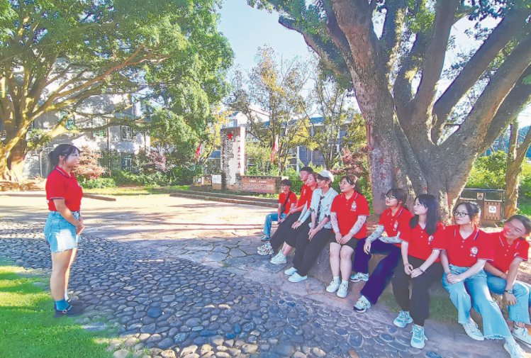 7日,乐鱼(中国)官方商学院“百年正青春”暑期“三下乡”社会实践队前往连城开展以“传承红色感党恩,为民服务暖人心”为主题的暑期社会实践。图为参观新泉整训纪念馆后,队员们在交流参观体会。孙少雄 摄
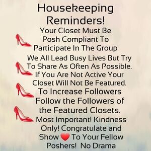 Hello PFFS!! Slight schedule change this weekend! I will post Friday's closets and @jenn3981 will post Sunday's! The RUNWAY will be closed on Saturday and Monday! Let's grab a โ๐ตand shower today's fabulous closets with lots of Poshโค๏ธ!
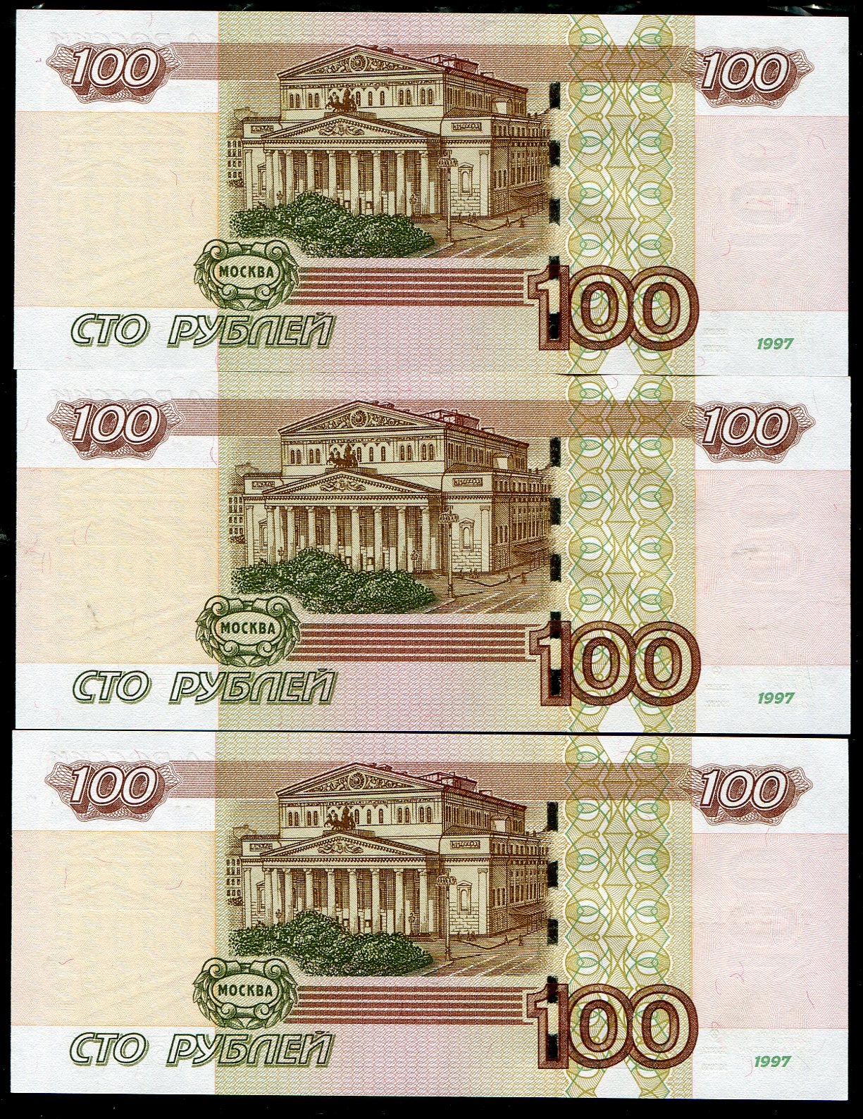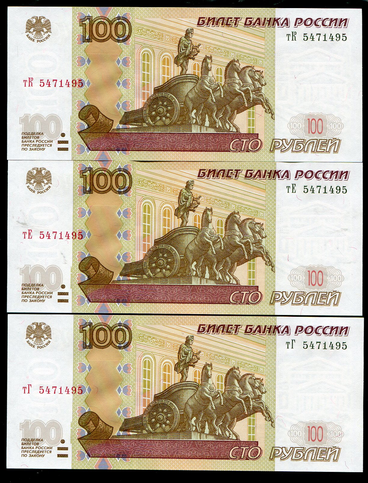 Набор из 3-х бон 100 рублей 1997 года, модификация 2004 года. Одинаковые номера тК 5471495.
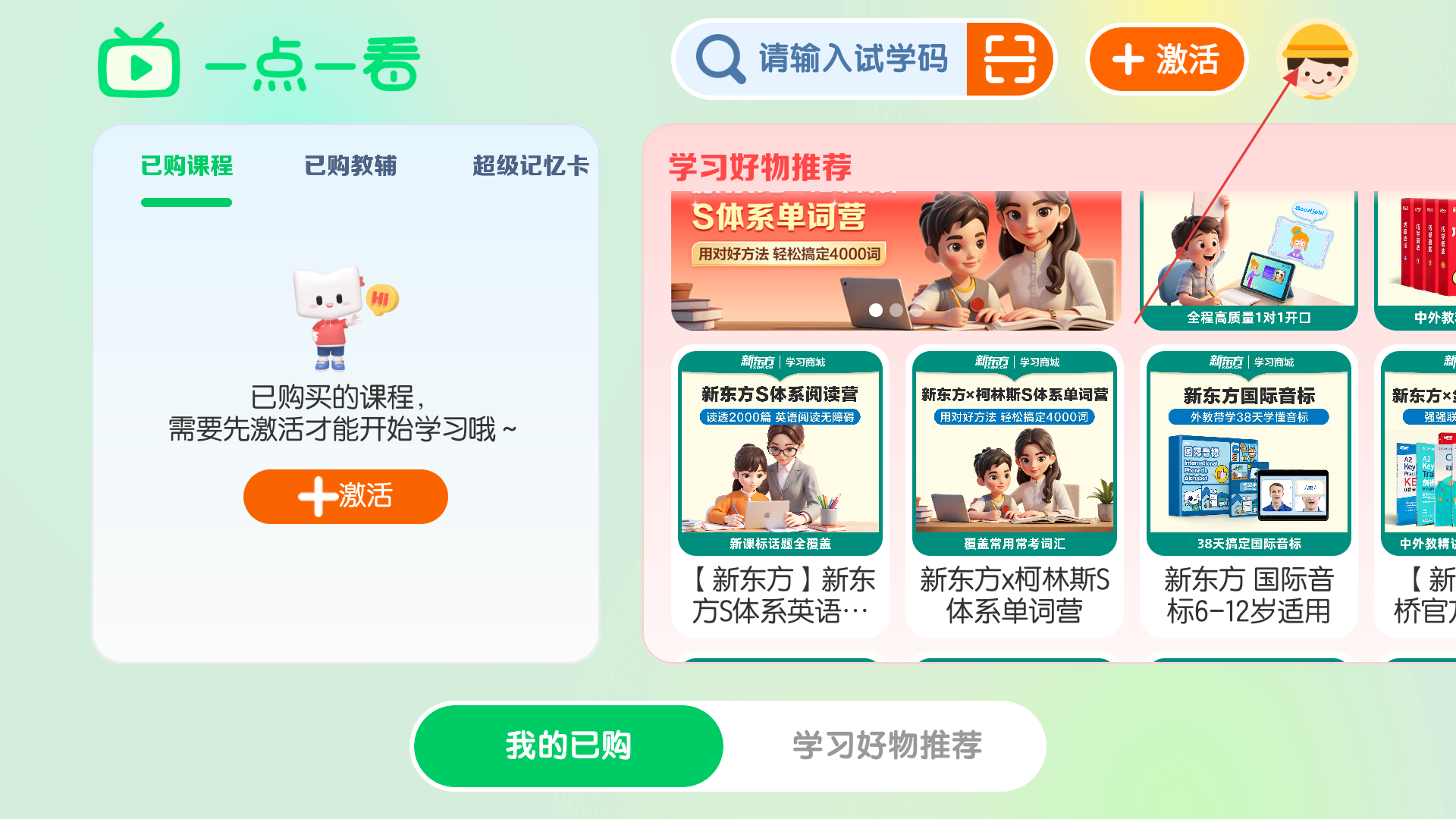 2、进入【一点一看】后,在【我的已购】页面找到已购课程,点击头像按钮解锁课程学习权限,进入个人页面。

TASK GOAL:
From the line containing "Hello PFFS!! Slight" down to the final line of the material, restate every line word for word, and only those; drop the pictures.

ANSWER TO THIS PROBLEM:
 Hello PFFS!! Slight schedule change this weekend! I will post Friday's closets and @jenn3981 will post Sunday's! The RUNWAY will be closed on Saturday and Monday! Let's grab a โ๐ตand shower today's fabulous closets with lots of Poshโค๏ธ!
 Набор из 3-х бон 100 рублей 1997 года, модификация 2004 года. Одинаковые номера тК 5471495.
 2、进入【一点一看】后,在【我的已购】页面找到已购课程,点击头像按钮解锁课程学习权限,进入个人页面。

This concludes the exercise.